[[ RECORDS TO USE, beginning ]]

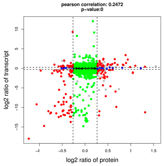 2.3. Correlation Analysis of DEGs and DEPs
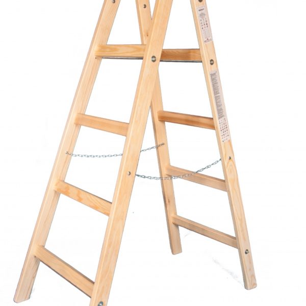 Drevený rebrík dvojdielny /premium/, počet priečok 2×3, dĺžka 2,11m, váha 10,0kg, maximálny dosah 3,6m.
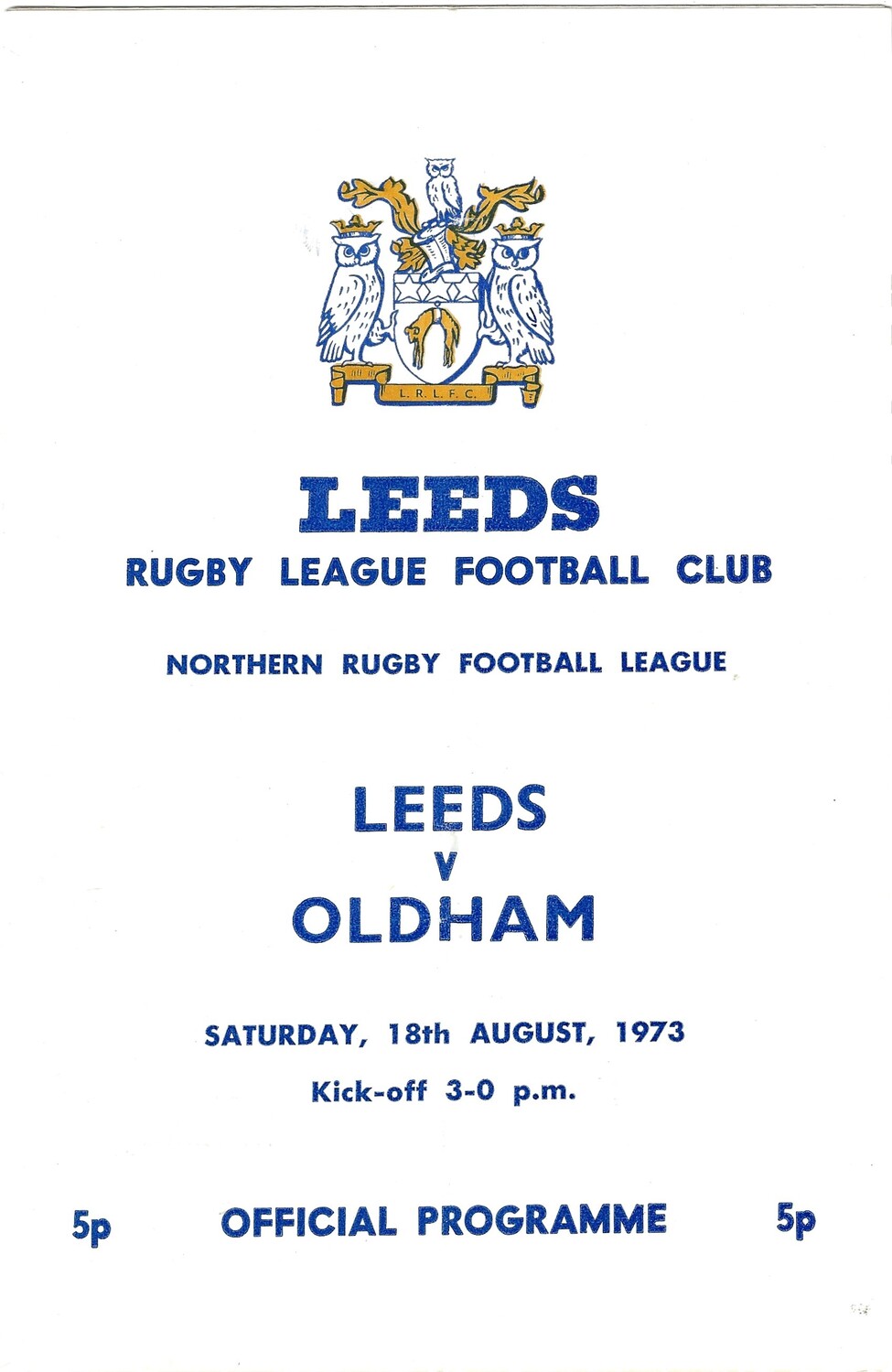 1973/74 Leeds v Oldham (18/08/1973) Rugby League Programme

[[ RECORDS TO USE, end ]]
[[ RECORDS TO USE, beginning ]]

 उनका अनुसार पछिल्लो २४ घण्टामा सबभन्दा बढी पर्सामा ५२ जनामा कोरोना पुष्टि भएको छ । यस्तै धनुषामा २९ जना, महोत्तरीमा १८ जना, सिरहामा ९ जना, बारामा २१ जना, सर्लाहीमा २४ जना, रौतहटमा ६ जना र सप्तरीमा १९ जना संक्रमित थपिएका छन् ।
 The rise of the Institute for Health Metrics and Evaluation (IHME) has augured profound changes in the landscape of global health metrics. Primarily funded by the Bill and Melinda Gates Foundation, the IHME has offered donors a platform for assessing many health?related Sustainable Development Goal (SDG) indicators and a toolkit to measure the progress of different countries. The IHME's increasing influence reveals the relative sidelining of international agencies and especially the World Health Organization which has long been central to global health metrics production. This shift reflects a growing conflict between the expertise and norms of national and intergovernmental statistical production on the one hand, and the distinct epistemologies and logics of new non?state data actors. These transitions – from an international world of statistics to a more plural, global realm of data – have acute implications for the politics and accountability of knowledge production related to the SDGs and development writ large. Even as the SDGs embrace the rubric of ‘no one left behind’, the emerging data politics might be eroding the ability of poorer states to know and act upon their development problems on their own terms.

[[ RECORDS TO USE, end ]]

Restate the lines above from the one containing "2.3. Correlation Analysis of DEGs and DEPs" through the one containing "1973/74 Leeds v", inclusive, exactly and without pictures.

● **EXERCISE SOLUTION**:
 2.3. Correlation Analysis of DEGs and DEPs
 Drevený rebrík dvojdielny /premium/, počet priečok 2×3, dĺžka 2,11m, váha 10,0kg, maximálny dosah 3,6m.
 1973/74 Leeds v Oldham (18/08/1973) Rugby League Programme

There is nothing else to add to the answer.